Assignment —
Give back the listing in full and exactly, leaving out the images.

Raw data —
+++

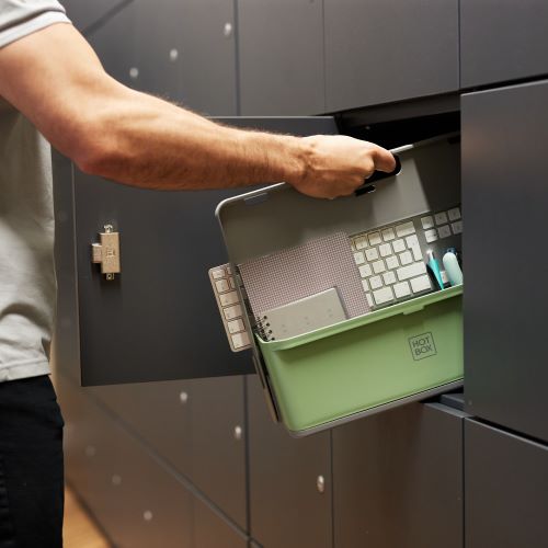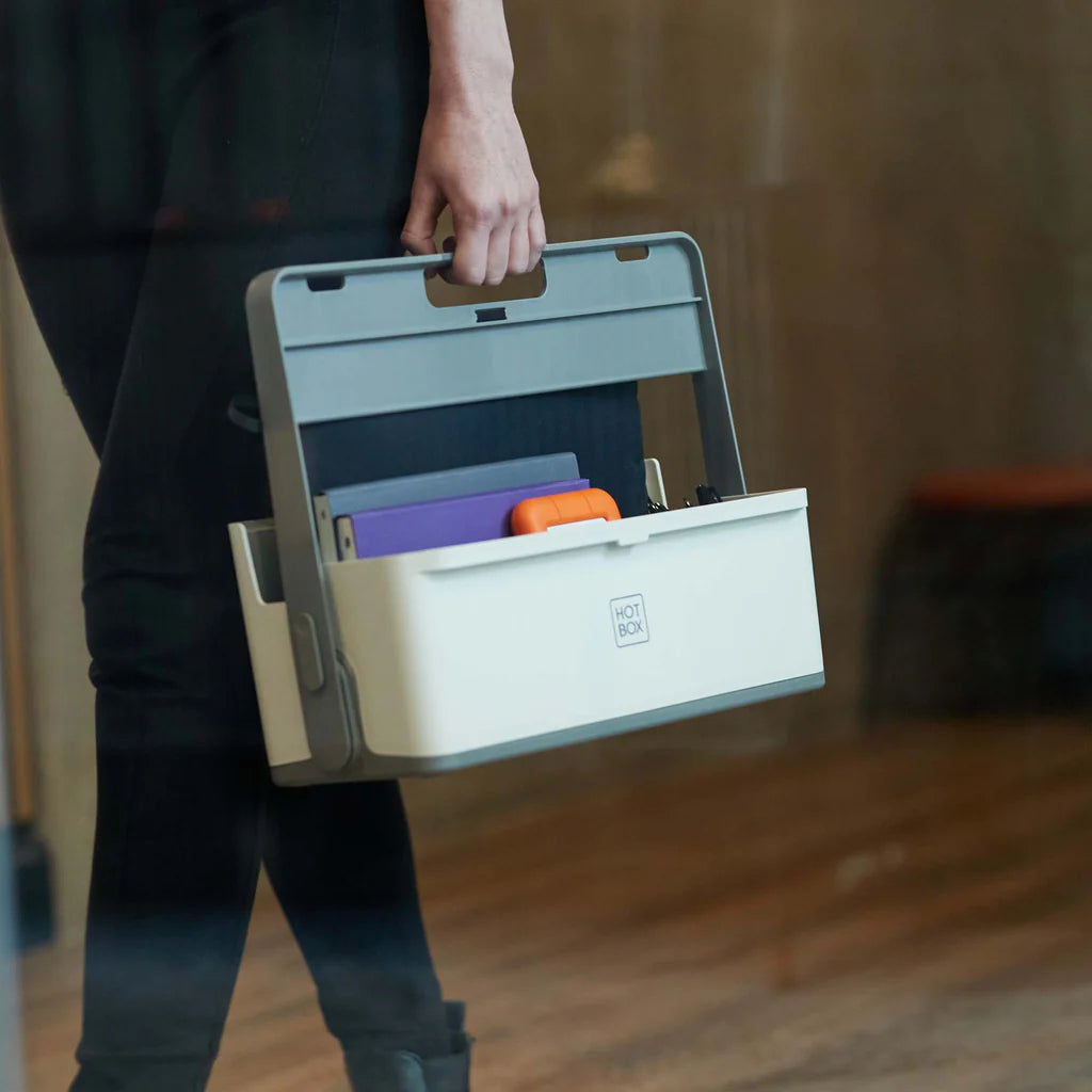 Einfach mitzunehmen und seine eigenen Sachen immer griffbereit zu haben. Egal ob Firmenlaptop oder sein Notizbuch, Stifte und Co. Perfekt auch für Sharing Arbeitsplätze wie bei uns im Büro.
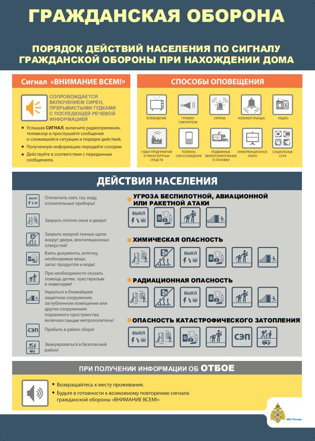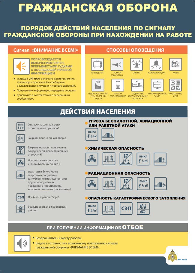 Уважаемые жители!. Напоминаем Вам порядок действия населения по сигналу гражданской обороны при нахождении на работе/ дома #Ильичевский_район_полезная_информация
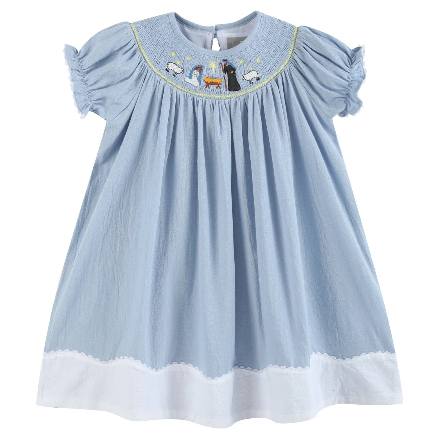 Light Blue Nativity Smocked Bishop Sleeve Dress

+++

Task solution —
 Einfach mitzunehmen und seine eigenen Sachen immer griffbereit zu haben. Egal ob Firmenlaptop oder sein Notizbuch, Stifte und Co. Perfekt auch für Sharing Arbeitsplätze wie bei uns im Büro.
 Уважаемые жители!. Напоминаем Вам порядок действия населения по сигналу гражданской обороны при нахождении на работе/ дома #Ильичевский_район_полезная_информация
 Light Blue Nativity Smocked Bishop Sleeve Dress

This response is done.